*About this task*
Entries below include pictures. Output exactly the lines from the one with "رَوَى عَنْهُ إِسْمَاعِيلُ" down to the one with "七、农业生产资料价格环比略有", both ends included, and leave the pictures out.
─── Data for review
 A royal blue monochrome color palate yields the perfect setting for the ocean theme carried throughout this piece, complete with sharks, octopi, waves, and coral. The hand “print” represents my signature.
──────
─── Data for review
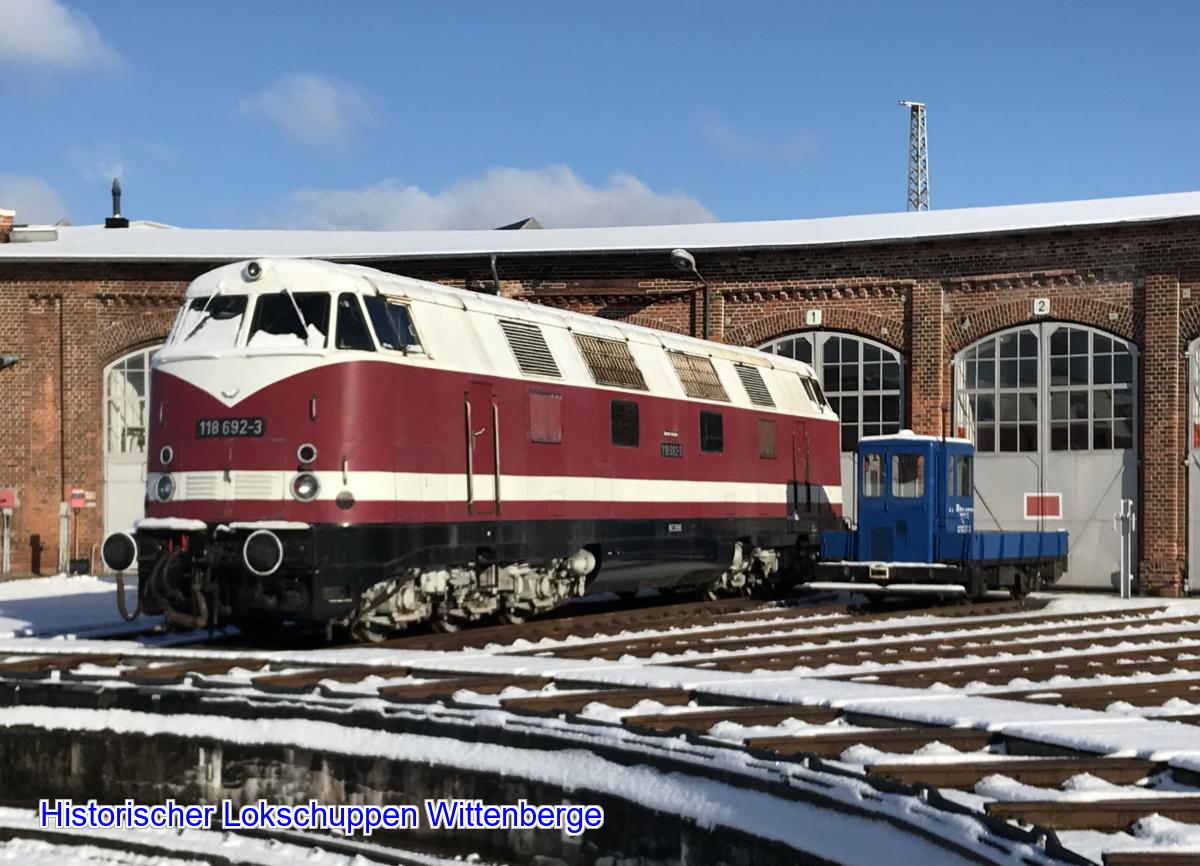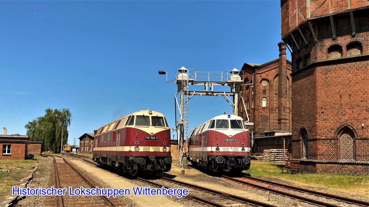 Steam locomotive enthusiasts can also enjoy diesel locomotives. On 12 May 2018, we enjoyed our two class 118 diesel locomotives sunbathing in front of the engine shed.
──────
─── Data for review
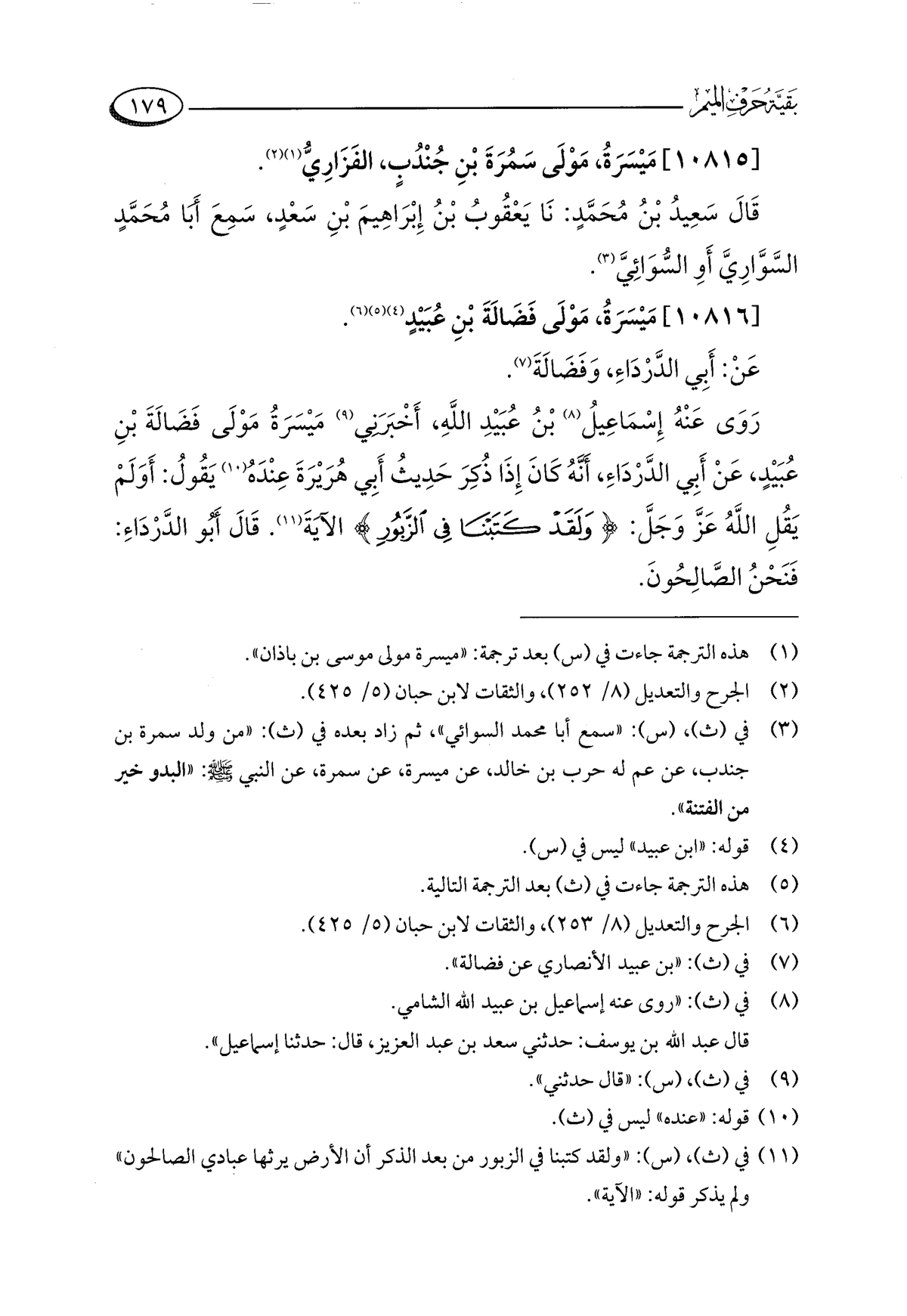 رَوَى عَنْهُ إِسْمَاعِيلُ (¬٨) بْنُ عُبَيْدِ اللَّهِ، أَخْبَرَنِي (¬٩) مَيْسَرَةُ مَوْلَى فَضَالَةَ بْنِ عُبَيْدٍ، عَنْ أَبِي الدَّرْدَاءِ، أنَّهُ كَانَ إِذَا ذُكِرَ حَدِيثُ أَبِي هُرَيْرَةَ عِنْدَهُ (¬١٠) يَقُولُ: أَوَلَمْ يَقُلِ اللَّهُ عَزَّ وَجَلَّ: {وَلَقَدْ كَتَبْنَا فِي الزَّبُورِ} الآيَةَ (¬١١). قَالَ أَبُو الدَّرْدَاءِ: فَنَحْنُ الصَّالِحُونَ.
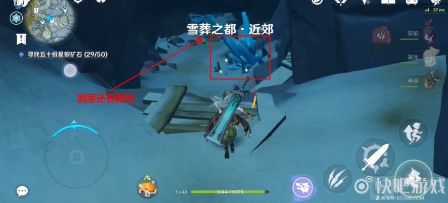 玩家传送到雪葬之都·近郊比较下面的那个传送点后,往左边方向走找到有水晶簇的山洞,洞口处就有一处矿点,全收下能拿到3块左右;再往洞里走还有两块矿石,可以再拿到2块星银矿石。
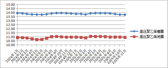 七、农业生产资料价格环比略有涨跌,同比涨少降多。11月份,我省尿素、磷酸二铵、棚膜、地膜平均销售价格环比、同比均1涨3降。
──────
*Your solution*
 رَوَى عَنْهُ إِسْمَاعِيلُ (¬٨) بْنُ عُبَيْدِ اللَّهِ، أَخْبَرَنِي (¬٩) مَيْسَرَةُ مَوْلَى فَضَالَةَ بْنِ عُبَيْدٍ، عَنْ أَبِي الدَّرْدَاءِ، أنَّهُ كَانَ إِذَا ذُكِرَ حَدِيثُ أَبِي هُرَيْرَةَ عِنْدَهُ (¬١٠) يَقُولُ: أَوَلَمْ يَقُلِ اللَّهُ عَزَّ وَجَلَّ: {وَلَقَدْ كَتَبْنَا فِي الزَّبُورِ} الآيَةَ (¬١١). قَالَ أَبُو الدَّرْدَاءِ: فَنَحْنُ الصَّالِحُونَ.
 玩家传送到雪葬之都·近郊比较下面的那个传送点后,往左边方向走找到有水晶簇的山洞,洞口处就有一处矿点,全收下能拿到3块左右;再往洞里走还有两块矿石,可以再拿到2块星银矿石。
 七、农业生产资料价格环比略有涨跌,同比涨少降多。11月份,我省尿素、磷酸二铵、棚膜、地膜平均销售价格环比、同比均1涨3降。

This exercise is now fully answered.